- _WHAT YOU NEED TO DO_
Below are records with pictures. Transcribe exactly, and only, the lines from the line with "今日(5月7日),以嶺藥業發" to the line with "The Lightweight Wedge", both ends included, but not the pictures.

- _ENTRIES PROVIDED_
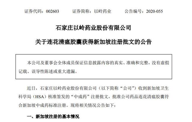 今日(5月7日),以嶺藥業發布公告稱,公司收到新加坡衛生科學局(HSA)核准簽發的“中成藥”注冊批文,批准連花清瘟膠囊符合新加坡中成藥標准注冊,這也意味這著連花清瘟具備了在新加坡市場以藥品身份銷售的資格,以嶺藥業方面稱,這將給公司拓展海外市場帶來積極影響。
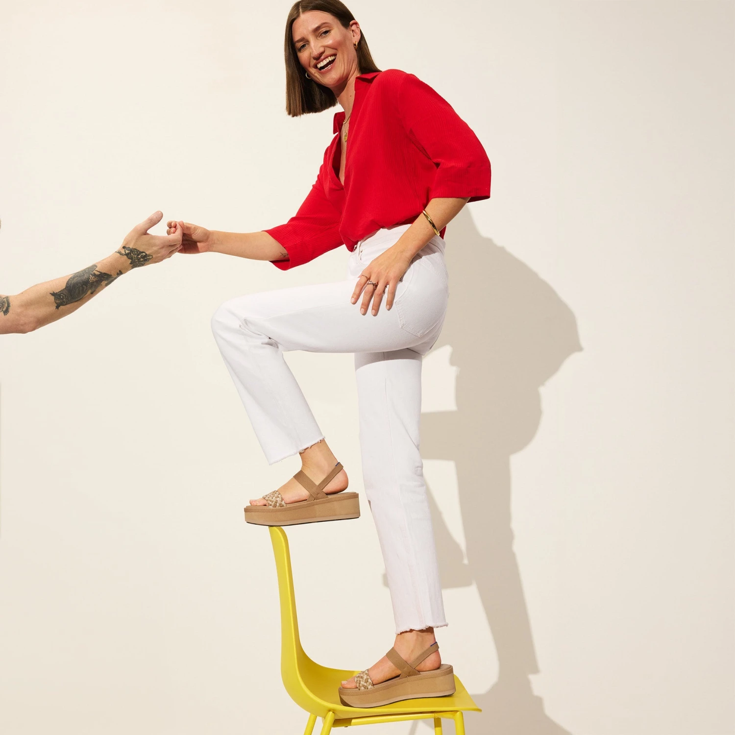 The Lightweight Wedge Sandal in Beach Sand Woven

==

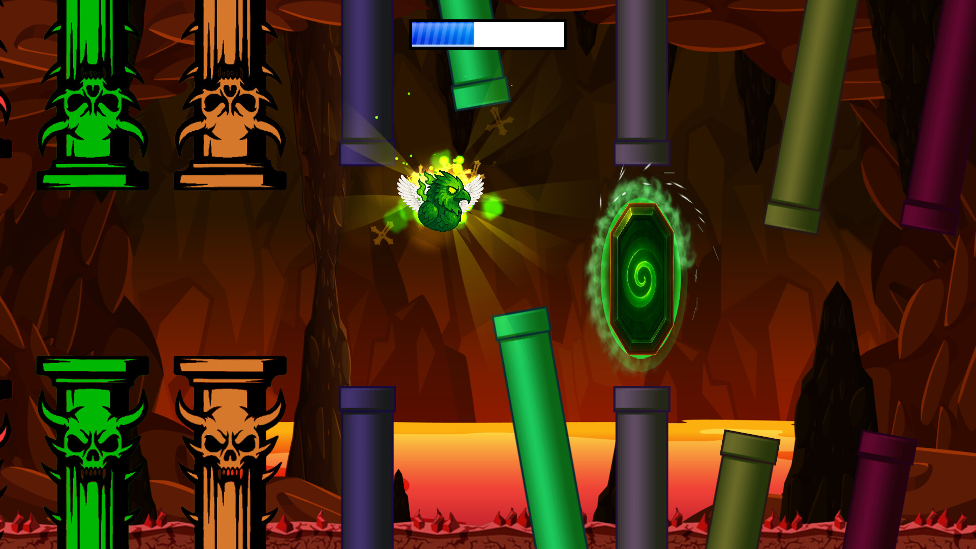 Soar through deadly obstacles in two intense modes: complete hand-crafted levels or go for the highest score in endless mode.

- _WRITTEN RESPONSE_
 今日(5月7日),以嶺藥業發布公告稱,公司收到新加坡衛生科學局(HSA)核准簽發的“中成藥”注冊批文,批准連花清瘟膠囊符合新加坡中成藥標准注冊,這也意味這著連花清瘟具備了在新加坡市場以藥品身份銷售的資格,以嶺藥業方面稱,這將給公司拓展海外市場帶來積極影響。
 The Lightweight Wedge Sandal in Beach Sand Woven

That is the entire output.